NEON-CITY/CosySim and the NEXUS project
CONTROL — How CosySim Trains and Governs Itself
The Oracle dashboard surfaces scheduler health, auto-loop cycles, and per-task timeout/error counts in real time.
Most AI demos are read-only: a model answers, you move on. CosySim’s CONTROL plane is the opposite. Every conversation, tool call, routing decision, and code edit becomes a training signal. A scheduler daemon wakes up on a cron-like cadence, checks whether enough new signal has accumulated, fine-tunes small local models on it, benchmarks the result against the incumbent, and promotes the winner — all on your own GPU, with no human in the loop and no data leaving the machine.
This is the part of the project most worth borrowing. It’s a working, end-to-end example of a local self-improvement loop : a data flywheel, a fine-tune orchestrator, an evaluation gate, an autonomous cycle controller, and an agent governor — wired together through a single scheduler.
The flywheel in one sentence: more interactions → richer datasets → better local models → better runtime behaviour → more interactions. See docs/TRAINING.md for the full pipeline walkthrough.
The five moving parts
| Layer | Module | Role |
|---|---|---|
| Flywheel | training/data_collector.py, engine/nexus/training_flywheel.py |
Capture every runtime event as a typed training example |
| Zoo | training/model_zoo.py |
Single source of truth: 16 ModelSpec entries, each with its own dataset key, train threshold, and base model |
| Trainer | training/finetune_orchestrator.py, training/auto_train.py |
QLoRA / Unsloth fine-tune jobs with queue, progress, checkpoint, auto-merge |
| Gate | training/evaluation_gate.py, training/model_registry.py |
Benchmark before/after; promote only if quality holds or improves |
| Controller | engine/nexus/auto_loop.py, engine/nexus/scheduler_daemon.py |
Closed-loop orchestration on a schedule; the AgentGovernor caps live agents |
1. The DataCollector flywheel — learning from your own interactions
DataCollector (training/data_collector.py) is a thread-safe, non-blocking JSONL appender that runtime components call as they work. It writes per-type live files to training/datasets/collected/{model_type}_live.jsonl. Every typed signal has a dedicated capture method:
collector.collect_tool_call(user_input, tool_name, params, success=True) # → tool_dispatch
collector.collect_grammar_error(bad_text, fixed_text, error_type="json") # → grammar_scanner
collector.collect_output_rating(output, rating=4, source="feed") # → output_evaluator
collector.collect_conversation(system_prompt, history, response, rating) # → conversational
collector.collect_code(prompt, code, language="python") # → coder
collector.collect_agent_decision(...) / collect_agent_outcome(...) # self-improvement loop
Failures here never crash the caller — each method is wrapped and logged through the Oracle, so the act of collecting training data can’t break the act of serving the user.

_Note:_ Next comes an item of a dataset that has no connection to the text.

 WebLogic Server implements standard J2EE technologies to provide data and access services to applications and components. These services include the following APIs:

In parallel, TrainingFlywheel (engine/nexus/training_flywheel.py) harvests higher-level signal from the knowledge system — collect_from_qa, collect_from_nlm, collect_from_routing, collect_preference — into a SQLite-backed store with content-hash dedup, then exports in Alpaca, ShareGPT, or DPO formats (export_jsonl, export_sharegpt, export_dpo). The training-sync scheduler task drains Nexus Q&A into this store daily and auto-exports once 50+ unexported, quality-filtered examples accumulate.

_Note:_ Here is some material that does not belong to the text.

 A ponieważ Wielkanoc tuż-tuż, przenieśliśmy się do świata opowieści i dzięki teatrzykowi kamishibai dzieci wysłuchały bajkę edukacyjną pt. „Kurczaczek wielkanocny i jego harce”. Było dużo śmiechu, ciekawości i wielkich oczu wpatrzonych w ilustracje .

2. The Model Zoo — one registry, many tiny specialists
MODEL_ZOO (training/model_zoo.py) is the declarative heart of the system: 16 ModelSpec entries, each declaring everything needed to train and evaluate one small specialist model.
"router_v3": ModelSpec(
id="router_v3",
base_model_alias="qwen-270m", # Qwen2.5-0.5B-Instruct
task_type="classification",
dataset_key="router_v3",
train_threshold=500, # auto-train fires at 500 collected examples
collect_from=["agent_routing_events", "intent_labels"],
auto_promote=True,
priority=2,
)
The fleet spans evaluators (qa_evaluator, output_evaluator), classifiers (router_v2/v3, conversation_analyzer), structured-output models (tool_dispatch), detectors (grammar_scanner), and generators (syntax_fixer, knowledge_synthesizer, coder, conversational) — plus voice backends. The philosophy: don’t fine-tune one big model; train a swarm of cheap 270M–3B specialists that each do one job well and run locally in LMStudio. Base models are resolved through aliases (qwen-270m → Qwen/Qwen2.5-0.5B-Instruct, llama-3b → meta-llama/Llama-3.2-3B-Instruct).

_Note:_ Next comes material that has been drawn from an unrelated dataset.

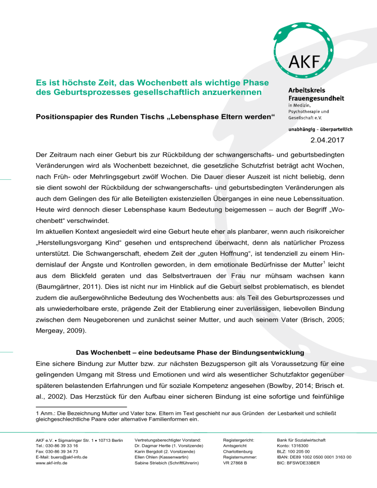 Es ist höchste Zeit, das Wochenbett als wichtige Phase des Geburtsprozesses gesellschaftlich anzuerkennen Positionspapier des Runden Tischs „Lebensphase Eltern werden“ 2.04.2017 Der Zeitraum nach einer Geburt bis zur Rückbildung der schwangerschafts- und geburtsbedingten Veränderungen wird als Wochenbett bezeichnet, die gesetzliche Schutzfrist beträgt acht Wochen, nach Früh- oder Mehrlingsgeburt zwölf Wochen. Die Dauer dieser Auszeit ist nicht beliebig, denn sie dient sowohl der Rückbildung der schwangerschafts- und geburtsbedingten Veränderungen als auch dem Gelingen des für alle Beteiligten existenziellen Überganges in eine neue Lebenssituation. Heute wird dennoch dieser Lebensphase kaum Bedeutung beigemessen – auch der Begriff „Wochenbett“ verschwindet. Im aktuellen Kontext angesiedelt wird eine Geburt heute eher als planbarer, wenn auch risikoreicher „Herstellungsvorgang Kind“ gesehen und entsprechend überwacht, denn als natürlicher Prozess unterstützt. Die Schwangerschaft, ehedem Zeit der „guten Hoffnung“, ist tendenziell zu einem Hindernislauf der Ängste und Kontrollen geworden, in dem emotionale Bedürfnisse der Mutter1 leicht aus dem Blickfeld geraten und das Selbstvertrauen der Frau nur mühsam wachsen kann (Baumgärtner, 2011). Dies ist nicht nur im Hinblick auf die Geburt selbst problematisch, es blendet zudem die außergewöhnliche Bedeutung des Wochenbetts aus: als Teil des Geburtsprozesses und als unwiederholbare erste, prägende Zeit der Etablierung einer zuverlässigen, liebevollen Bindung zwischen dem Neugeborenen und zunächst seiner Mutter, und auch seinem Vater (Brisch, 2005; Mergeay, 2009). Das Wochenbett – eine bedeutsame Phase der Bindungsentwicklung Eine sichere Bindung zur Mutter bzw. zur nächsten Bezugsperson gilt als Voraussetzung für eine gelingenden Umgang mit Stress und Emotionen und wird als wesentlicher Schutzfaktor gegenüber späteren belastenden Erfahrungen und für soziale Kompetenz angesehen (Bowlby, 2014; Brisch et. al., 2002). Das Herzstück für den Aufbau einer sicheren Bindung ist eine sofortige und feinfühlige 1 Anm.: Die Bezeichnung Mutter und Vater bzw. Eltern im Text geschieht nur aus Gründen der Lesbarkeit und schließt gleichgeschlechtliche Paare oder alternative Familienformen ein. AKF e.V. Sigmaringer Str. 1 10713 Berlin Tel.: 030-86 39 33 16 Fax: 030-86 39 34 73 E-Mail: [email protected] www.akf-info.de Vertretungsberechtigter Vorstand: Dr. Dagmar Hertle (1. Vorsitzende) Karin Bergdoll (2. Vorsitzende) Ellen Ohlen (Kassenwartin) Sabine Striebich (Schriftführerin) Registergericht: Amtsgericht Charlottenburg Registernummer: VR 27868 B Bank für Sozialwirtschaft Konto: 1316300 BLZ: 100 205 00 IBAN: DE89 1002 0500 0001 3163 00 BIC: BFSWDE33BER Reaktion der Eltern auf die Signale des Neugeborenen – und zwar von Beginn an und zu jeder Tageszeit. Das Wochenbett stellt einen geschützten Raum nicht nur für die Erholung von der Geburt sondern gerade auch für die „emotionale Geburt“ der Frau als Mutter, das gegenseitige Kennenlernen und für das Hineinwachsen der Eltern in ihre neue Lebenssituation dar. Das Wochenbett – heute kaum wahrgenommen Heutzutage scheint der Geburtsprozess gemäß dem medizinisch-technischen Verständnis der Geburt mit der „Entbindung“ abgeschlossen zu sein. Die Lebensphase Wochenbett wird meist nur noch als Zeit nach der Geburt beschrieben, deren Dauer beliebig erscheint. Die Errungenschaft der individuellen Handlungsfreiheit führt paradoxerweise dazu, dass meist allein die Anforderungen der Arbeitswelt die Gestaltung der Wochenbettzeit bestimmen. Diese ist heute allein der Frau und ihrem Partner überlassen: eine Aufgabe, die sich oft als mühsam und konfliktreich erweist. Der gesellschaftlichen Erwartung entsprechend ist die elterliche Zielsetzung eher auf die (Wieder-)Herstellung eines „normalen“ Alltags, nun „plus Kind“, denn auf die Erholung und das Einlassen auf die elementaren Bindungsbedürfnisse des Neugeborenen ausgerichtet. Die Wöchnerin, aber auch der Vater, stehen oft alleine da. Sie erfahren kaum Unterstützung bei dem Aufbau ihrer jeweiligen neuen familiären Identität und bleiben ohne Entlastung von den Aufgaben des weiterlaufenden und fordernden Alltags. Das verschärft sich in besonderer Weise durch die Rückkehr des Partners in den Berufsalltag, zumal diese meist lange vor dem Ende der Wochenbettzeit geschieht. Unter diesen Bedingungen können Wöchnerinnen leicht in eine Überforderung geraten. Dies wird jedoch selten von ihnen thematisiert und wenn, dann eher als Ergebnis einer eigenen Unzulänglichkeit gedeutet. Gesundheitliche Folgen einer frühen Überforderung Mütter beschreiben häufig, dass beim Aufbau der Stillbeziehung die Gefühle Achterbahn fahren und es Wochen dauert, bis sich Routine einstellt (Hinsliff-Smith et al., 2014). Stress und Überforderung können zum frühen Abstillen des Neugeborenen führen (Froehlich et al., 2015). Die meisten Wöchnerinnen in Deutschland beginnen zwar zu stillen, doch die von der Nationalen Stillkommission angeratene Stilldauer von 4 bis 6 Monaten ausschließlichen Stillens (BfR, 2015) wird heute nur selten erreicht (Rubin, 2013). So kommen die bekannten, vielfältigen gesundheitlichen Vorteile des VollStillens nur wenigen Müttern und Kindern zugute. Außerdem können Ruhelosigkeit, Sorgen, Unsicherheit in der Beziehung zum Kind, Schlaflosigkeit oder familiäre Konflikte auftreten, die sich zu nachhaltigen Gesundheitsschäden bei Mutter und Kind entwickeln können. Angstzustände, tiefgreifende Erschöpfung, mangelnde Empathie für die Bedürfnisse des Kindes, Vernachlässigung der 2 Selbstsorge bis hin zur Depression oder Gefährdung der Bindungsbeziehung können die Folge sein (Beetz et. al., 2013; Fahey & Shenassa, 2013; McMahon et. al., 2005). Die Bedeutung des Wochenbetts: nun auch im Fokus von Politik und Gesundheitswesen Als Teilziel von „Gesundheit rund um die Geburt“ wurden jüngs

3. The FinetuneOrchestrator — QLoRA jobs as first-class objects
FinetuneOrchestrator (training/finetune_orchestrator.py) manages the full job lifecycle as persisted FinetuneJob records (training/jobs.jsonl): PENDING → RUNNING → DONE/FAILED/CANCELLED, with live progress, step/loss parsing, best-loss tracking, and auto-merge of the LoRA adapter on success.
Rather than depend on a heavyweight training harness in-process, it generates a standalone, cross-platform Unsloth training script per job and runs it as a subprocess (configurable via COSYSIM_TRAIN_PYTHON or training.python_executable, honouring the project’s venv rule). Hyperparameters scale with model size via FinetuneConfig — a 270M model gets lora_r=8, batch_size=8; a 3B model gets lora_r=32, batch_size=2, seq_len=2048. On completion it notifies the ModelRegistry.
Router v3 retrain — the canonical full cycle (click for more details)
4. The evaluation gate — no degraded model ever gets promoted
A self-improving system that can’t tell better from worse will happily train itself into the ground. evaluation_gate.py is the safety valve. It benchmarks the candidate against the incumbent and applies an explicit GatePolicy:
| Policy | Rule |
|---|---|
NO_REGRESSION |
candidate must score ≥ threshold × baseline |
MUST_IMPROVE |
a named metric must increase |
PARETO_DOMINANT |
candidate may not be dominated on any metric |
CUSTOM |
caller-supplied evaluation function |
Per-type benchmark prompt suites (router, tag-extraction, response-validate, general) score accuracy, latency, and consistency over multiple runs. Only models that clear the gate reach ModelRegistry, which supports single-score auto_promote and multi-criteria Pareto promotion — and that registry is what LMStudio loads as the active model.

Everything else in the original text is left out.